Source material:
******************************
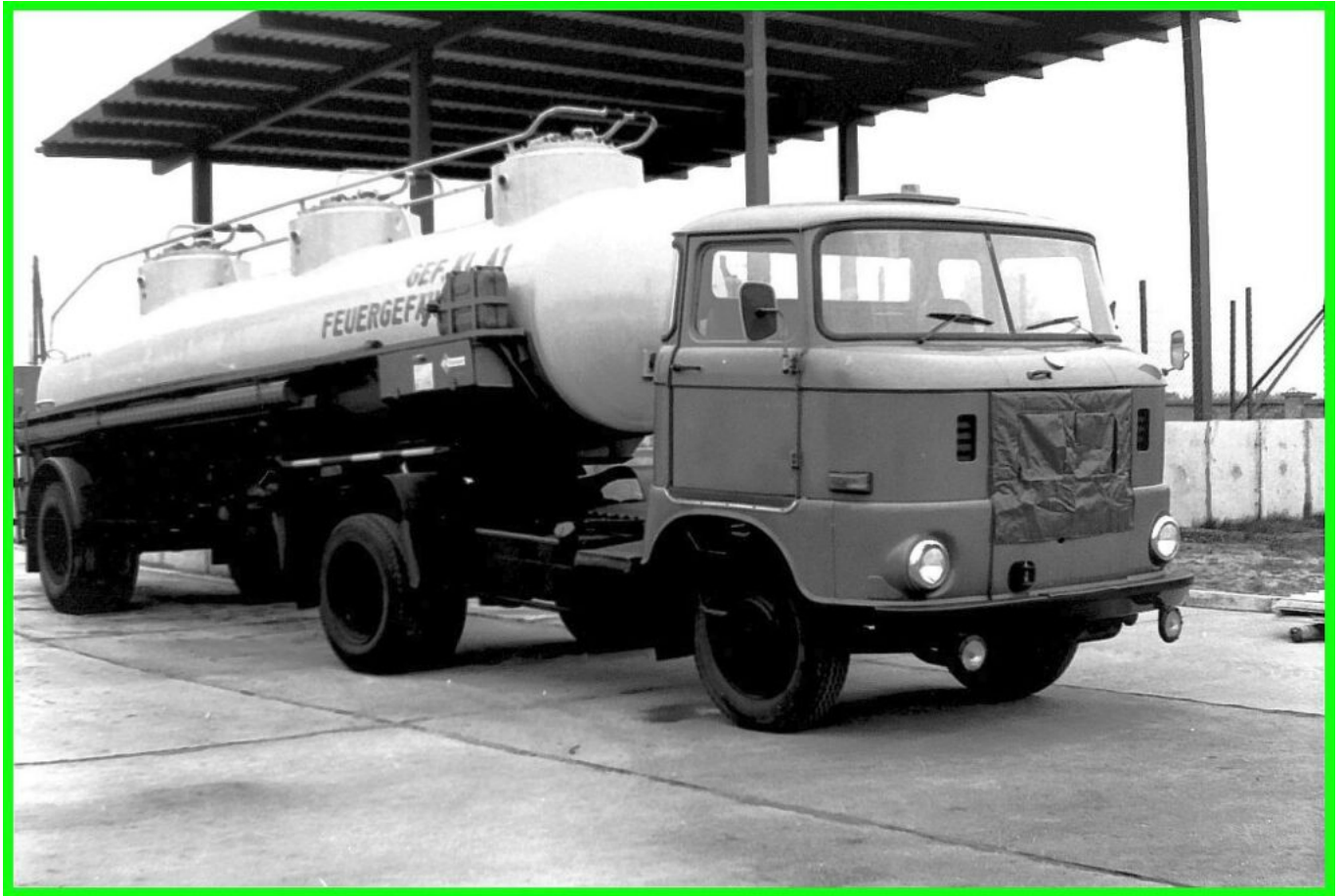
W50- Tankzug der 9. Kompanie
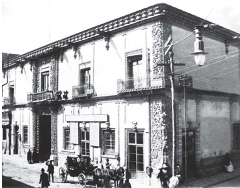
Casa de los Condes de Heras y Soto, hoy Archivo Histórico del Distrito Federal.
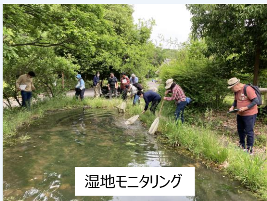
湿地モニタリング
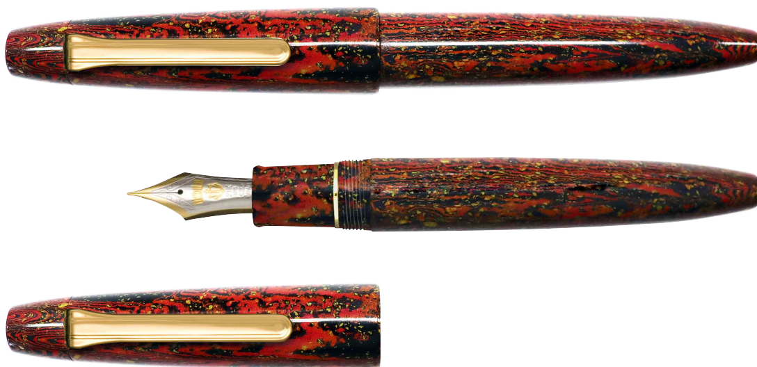
長刀研ぎエボナイト万年筆『紅炎』

本体には「闇の中に燃え上がる炎」をイメージして幾層にも重ねたカラーエボナイト材を採用し、シリアルナンバーを刻んだ特別仕様として、同じものが世界中に二つとない限られた逸品となります。しっとりと手になじむ美しいエボナイト材の感触と唯一無二の長刀研ぎペン先のなめらかな筆記感をお楽しみください。国内 200 本、海外 200 本、世界 400 本限定の販売です。
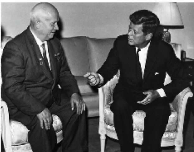
Sovjetunionens generalsekreterare Nikita Chrusjtjov och president John F. Kennedy i Wien 1961.

I fördraget står det klart och tydligt att det inte får finnas några styrkor från andra NATO-länder i det forna Östtyskland, och Moskva skulle naturligtvis aldrig acceptera någon utplacering av sådana styrkor längre österut, öster om Tyskland i "Polen och de andra länderna". Det var uteslutet, och det fanns till synes ett samförstånd mellan alla deltagare. Följaktligen "diskuterades inte frågan om NATO:s expansion", som Gorbatsjov sade 2014, eftersom det inte fanns någon oenighet. 1993 sade Boris Jeltsin att fördragets "anda" "utesluter möjligheten att utvidga NATO-zonen österut", och de muntliga åtaganden som Gorbatsjov fick av västledarna 1990-91 skulle ha fått honom att tro att det fanns ett samförstånd, och lika viktigt: dokumenterade muntliga åtaganden mellan statsledare är också juridiskt bindande.
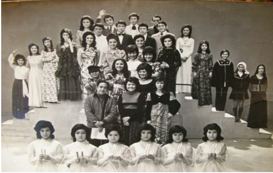
圖二十 群星會一千集劇照
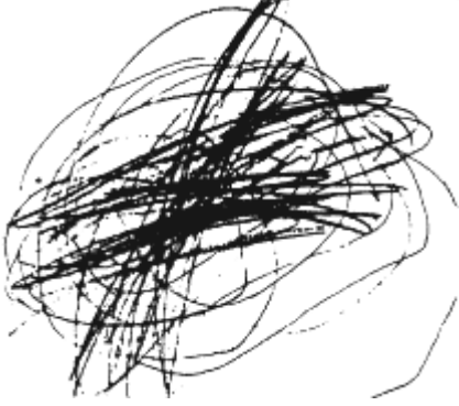
Şekil 2: İki yaş (Karalamaları) çizgileri (Kellogg)

Küçük bir çocuğun kalemle herhangi bir yüzey üzerinde bıraktığı izler onun sanatla ilk buluşmasıdır. Çoğu zaman rastgele olan bu çizgiler, belirli bir biçimsel özellik göstermezler. Karalamalar zaman zaman kâğıttan taşmaktadır. Çocuk, ilk zamanlar bu rastlantısallığın farkında değildir fakat küçük kas gelişimine paralel olarak (çizme, boyama, yırtma vs.) farkındalığı gelişmektedir. Kâğıt üzerinde bıraktığı izleri keşfeden çocuk, karalama alanını kontrol etmeye başlamaktadır. Başlangıçta dikeyler ve yataylarla başlayan bu süreç, dairesel hareketlere ve geometrik şekillere evrilmektedir. Kendi bedenini kontrol edebildiğini fark eden çocuk, çizgilerin hareketlerini de değiştirme ve bundan keyif almaktadır. Bu durum, çocuk için adeta bir oyun niteliğindedir ( Malchiodi, 1998).
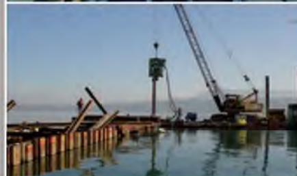
Travaux lacustres pour l'atterrage d'une conduite d'eau brute Maîtrise d'œuvre
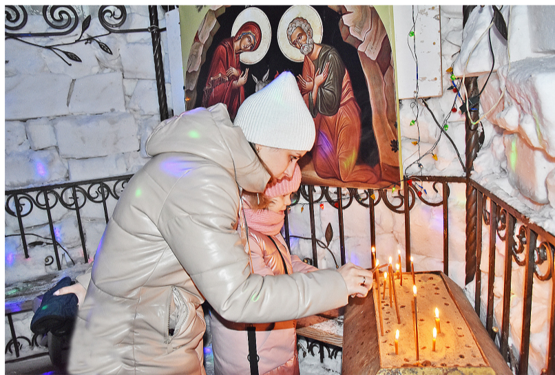
Люди идут в вертеп поклониться Спасителю

Если обратиться к Евангелию, то там очень подробно описано, как именно появился на свет Иисус. Иосиф и Мария, которая в этот момент была на сносях, преодолели долгий путь до Вифлеема, где проводилась перепись населения. Город был переполнен, и пара не могла попасть ни на один постоялый двор. Чтобы не остаться ночью на улице, они были вынуждены остановиться в хлеву, где Мария и родила Сына Божия. Так как у неё практически ничего не было с собой для младенца, она уложила новорождённого в кормушку для скота. Поклониться Спасителю человечества пришли пастухи, к которым явились ангелы и сообщили благовест. Следом за ними прибыли волхвы и принесли младенцу дары. Привела их звезда, загоревшаяся на небе в час рождения Иисуса. С тех пор одной из традиций праздника является украшение ёлки звездой, она будто напоминает о том времени, когда люди получили шанс на спасение своей души.
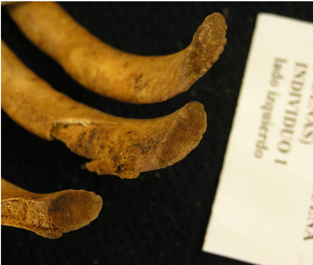
Extremidad esternal de las costillas: 20... 29 años.
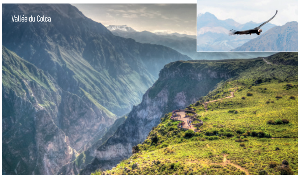
Vallée du Colca

la vallée. Déjeuner dans un restaurant local où nous goûtons à la viande d'Alpaga. L'après-midi, moment bien-être à la station située à 4 km du centre de Chivay : 2 grandes piscines, 1 intérieure et 1 extérieure, permettent de se baigner dans les eaux à 38°, aux propriétés curatives. De nature sulfureuse, elles sont riches en fer, en calcium et en zinc. Cette haute concentration en minerais et en oligoéléments leur confère des vertus médicales avérées contre quantité de maux, à l'exemple du rhumatisme ou l'arthrite. Serviettes de bain à louer sur place. Arrivée en suite à notre hôtel. Installation à l'hôtel situé près du majestueux Canyon du Colca . « Mate de coca » ou thé de Muña de bienvenue. Dîner et nuitée à l'hôtel.
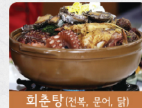
회춘탕 (전복, 문어, 닭)
******************************
Directions: Leave out every picture and write out exactly the lines running from the line containing "Extremidad esternal de" to the end of the listing above.

Task response:
Extremidad esternal de las costillas: 20... 29 años.
Vallée du Colca

la vallée. Déjeuner dans un restaurant local où nous goûtons à la viande d'Alpaga. L'après-midi, moment bien-être à la station située à 4 km du centre de Chivay : 2 grandes piscines, 1 intérieure et 1 extérieure, permettent de se baigner dans les eaux à 38°, aux propriétés curatives. De nature sulfureuse, elles sont riches en fer, en calcium et en zinc. Cette haute concentration en minerais et en oligoéléments leur confère des vertus médicales avérées contre quantité de maux, à l'exemple du rhumatisme ou l'arthrite. Serviettes de bain à louer sur place. Arrivée en suite à notre hôtel. Installation à l'hôtel situé près du majestueux Canyon du Colca . « Mate de coca » ou thé de Muña de bienvenue. Dîner et nuitée à l'hôtel.
회춘탕 (전복, 문어, 닭)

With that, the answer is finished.